··· STORED DATA ···
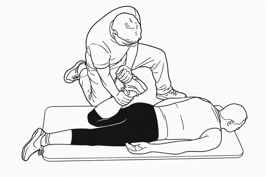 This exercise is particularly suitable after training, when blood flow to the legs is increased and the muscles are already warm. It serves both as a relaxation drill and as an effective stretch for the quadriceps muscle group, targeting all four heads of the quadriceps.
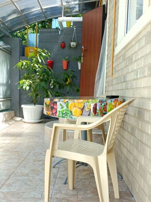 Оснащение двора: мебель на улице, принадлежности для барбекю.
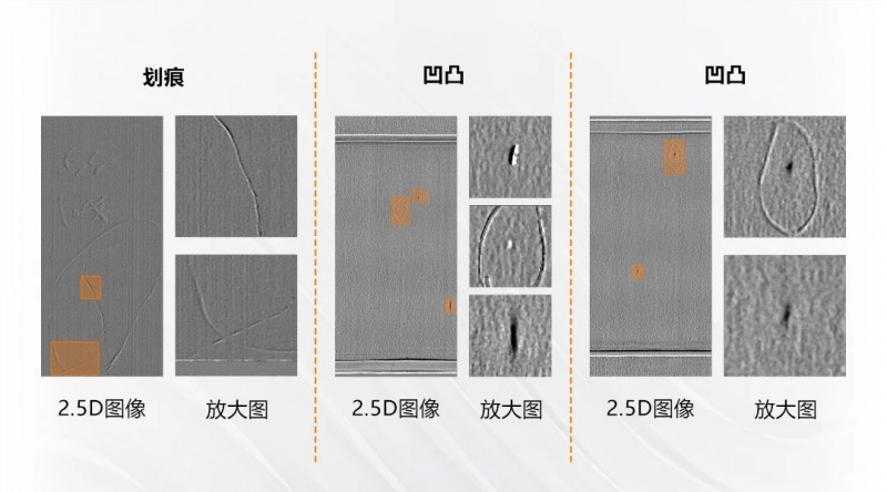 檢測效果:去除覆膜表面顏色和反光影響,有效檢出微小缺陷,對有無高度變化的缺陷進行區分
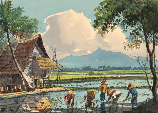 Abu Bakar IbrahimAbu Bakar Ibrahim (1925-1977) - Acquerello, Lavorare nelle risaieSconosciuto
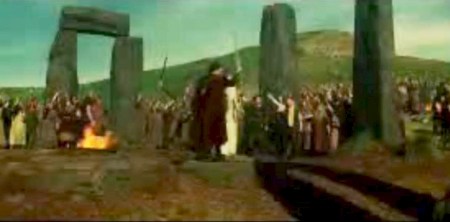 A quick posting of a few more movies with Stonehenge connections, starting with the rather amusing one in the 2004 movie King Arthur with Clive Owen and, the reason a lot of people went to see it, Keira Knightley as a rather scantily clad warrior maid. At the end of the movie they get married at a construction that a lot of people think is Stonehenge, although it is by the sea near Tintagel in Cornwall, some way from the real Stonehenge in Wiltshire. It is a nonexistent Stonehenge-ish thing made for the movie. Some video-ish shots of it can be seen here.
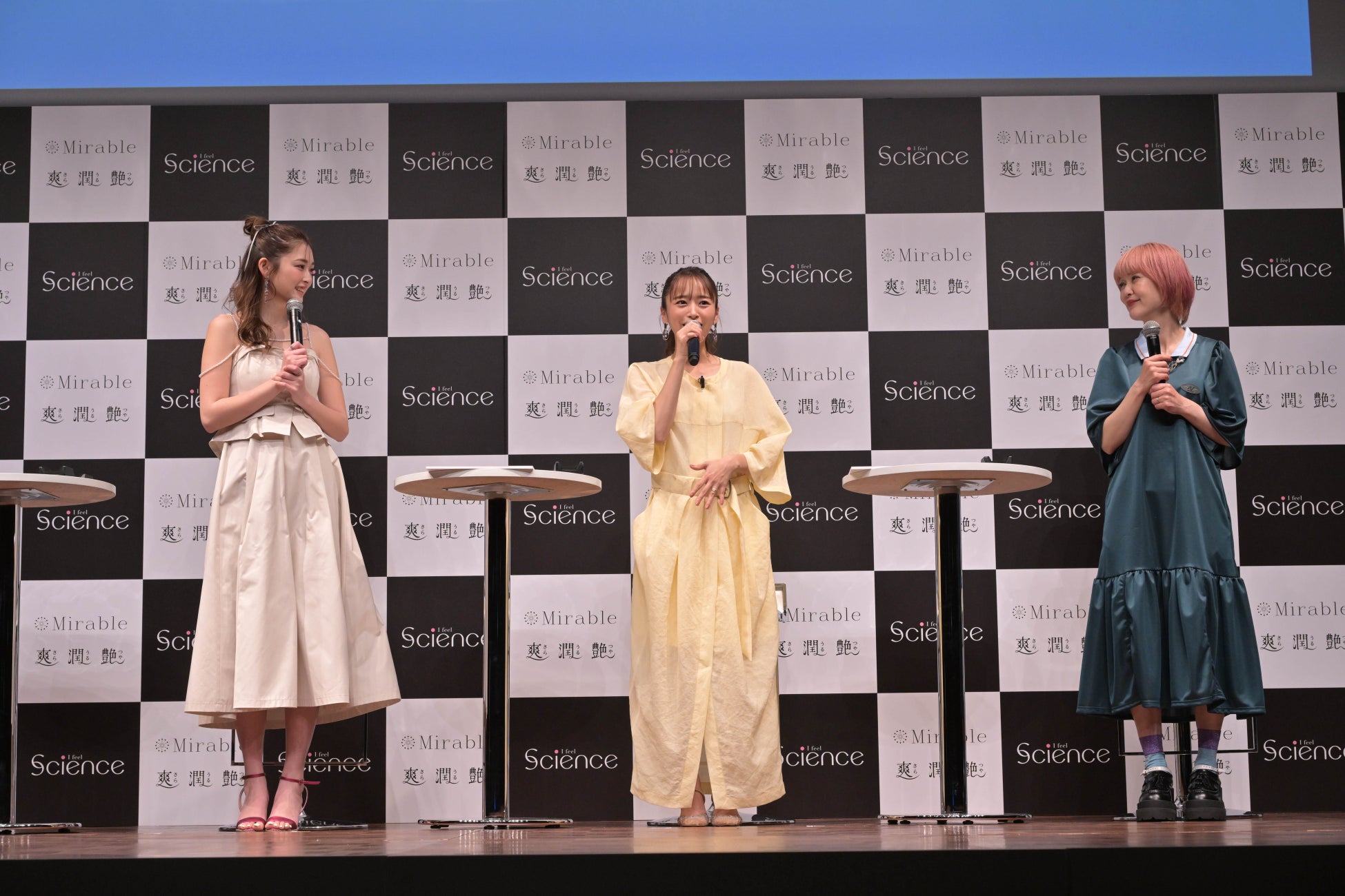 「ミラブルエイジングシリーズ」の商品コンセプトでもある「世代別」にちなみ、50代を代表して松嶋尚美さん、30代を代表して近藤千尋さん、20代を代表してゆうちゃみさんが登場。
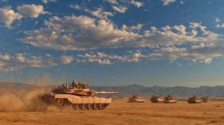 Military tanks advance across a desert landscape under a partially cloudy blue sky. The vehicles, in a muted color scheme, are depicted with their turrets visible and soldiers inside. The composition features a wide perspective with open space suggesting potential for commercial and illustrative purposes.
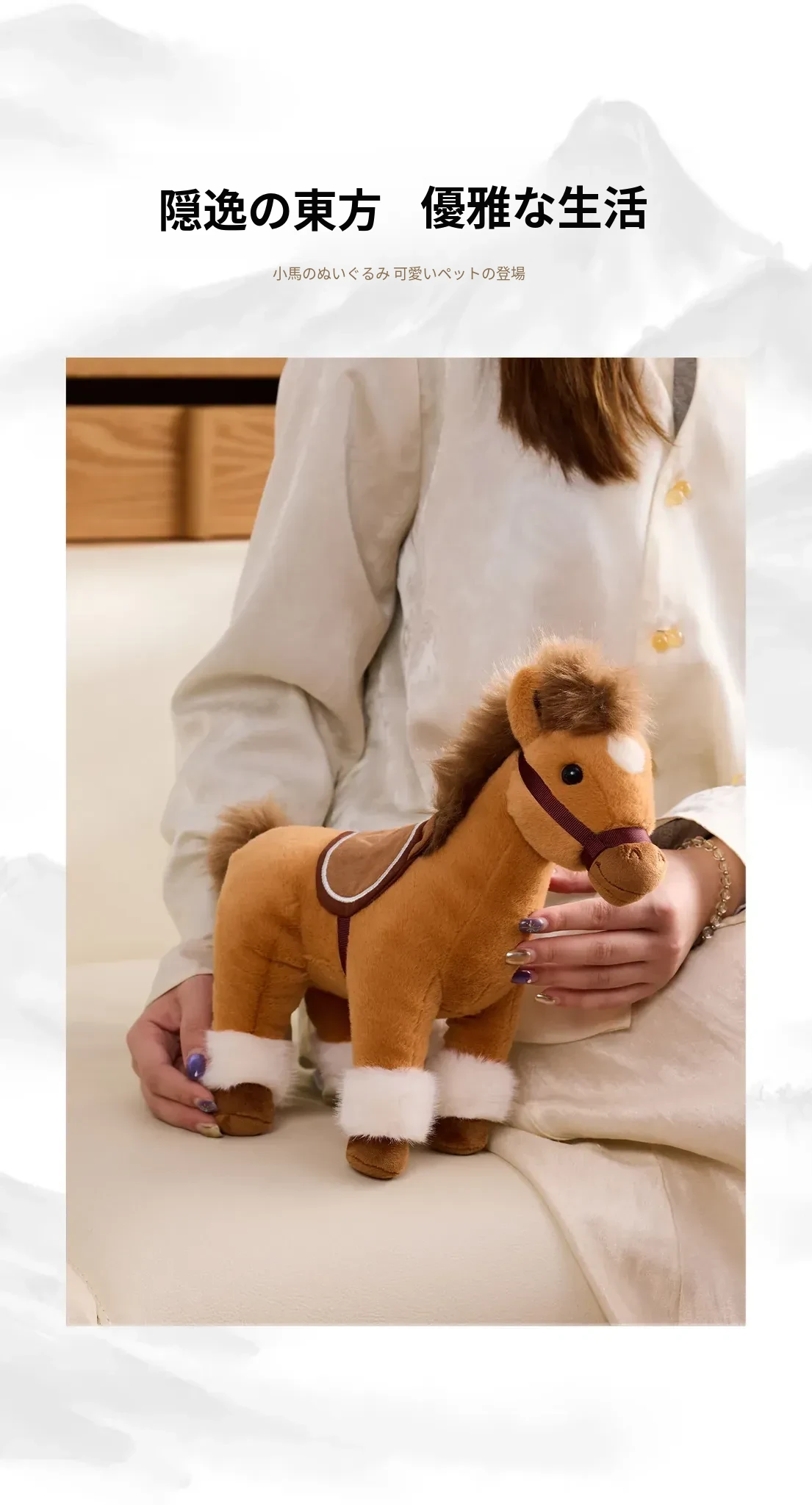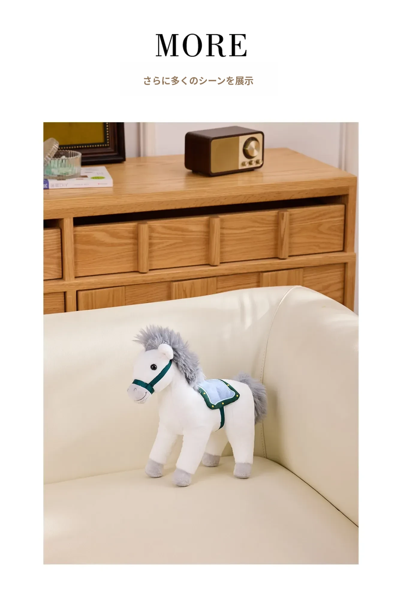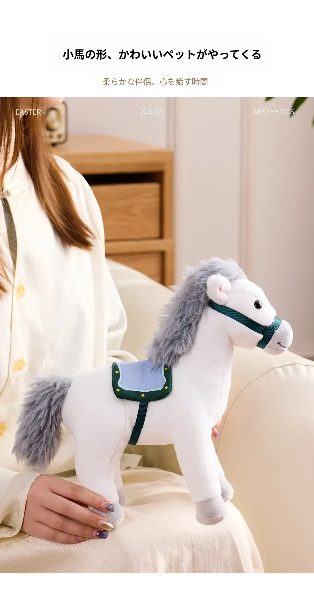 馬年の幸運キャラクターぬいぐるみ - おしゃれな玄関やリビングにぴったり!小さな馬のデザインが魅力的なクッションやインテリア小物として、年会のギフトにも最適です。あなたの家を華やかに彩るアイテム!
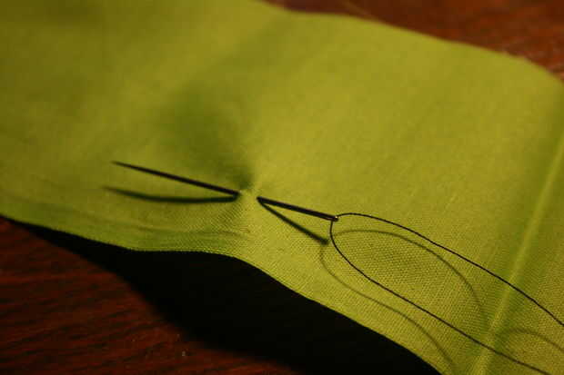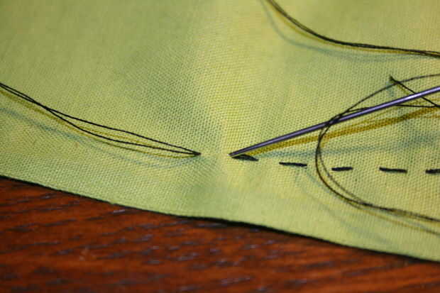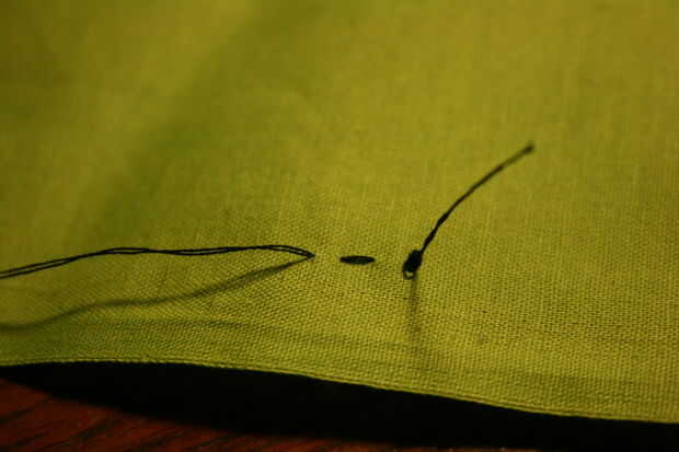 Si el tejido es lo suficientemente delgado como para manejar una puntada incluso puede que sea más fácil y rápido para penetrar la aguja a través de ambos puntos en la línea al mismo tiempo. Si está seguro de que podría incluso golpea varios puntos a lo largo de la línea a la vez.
···
# WORK ITEM
Pictures aside, repeat each entry in full and without change.

# SOLUTION
 This exercise is particularly suitable after training, when blood flow to the legs is increased and the muscles are already warm. It serves both as a relaxation drill and as an effective stretch for the quadriceps muscle group, targeting all four heads of the quadriceps.
 Оснащение двора: мебель на улице, принадлежности для барбекю.
 檢測效果:去除覆膜表面顏色和反光影響,有效檢出微小缺陷,對有無高度變化的缺陷進行區分
 Abu Bakar IbrahimAbu Bakar Ibrahim (1925-1977) - Acquerello, Lavorare nelle risaieSconosciuto
 A quick posting of a few more movies with Stonehenge connections, starting with the rather amusing one in the 2004 movie King Arthur with Clive Owen and, the reason a lot of people went to see it, Keira Knightley as a rather scantily clad warrior maid. At the end of the movie they get married at a construction that a lot of people think is Stonehenge, although it is by the sea near Tintagel in Cornwall, some way from the real Stonehenge in Wiltshire. It is a nonexistent Stonehenge-ish thing made for the movie. Some video-ish shots of it can be seen here.
 「ミラブルエイジングシリーズ」の商品コンセプトでもある「世代別」にちなみ、50代を代表して松嶋尚美さん、30代を代表して近藤千尋さん、20代を代表してゆうちゃみさんが登場。
 Military tanks advance across a desert landscape under a partially cloudy blue sky. The vehicles, in a muted color scheme, are depicted with their turrets visible and soldiers inside. The composition features a wide perspective with open space suggesting potential for commercial and illustrative purposes.
 馬年の幸運キャラクターぬいぐるみ - おしゃれな玄関やリビングにぴったり!小さな馬のデザインが魅力的なクッションやインテリア小物として、年会のギフトにも最適です。あなたの家を華やかに彩るアイテム!
 Si el tejido es lo suficientemente delgado como para manejar una puntada incluso puede que sea más fácil y rápido para penetrar la aguja a través de ambos puntos en la línea al mismo tiempo. Si está seguro de que podría incluso golpea varios puntos a lo largo de la línea a la vez.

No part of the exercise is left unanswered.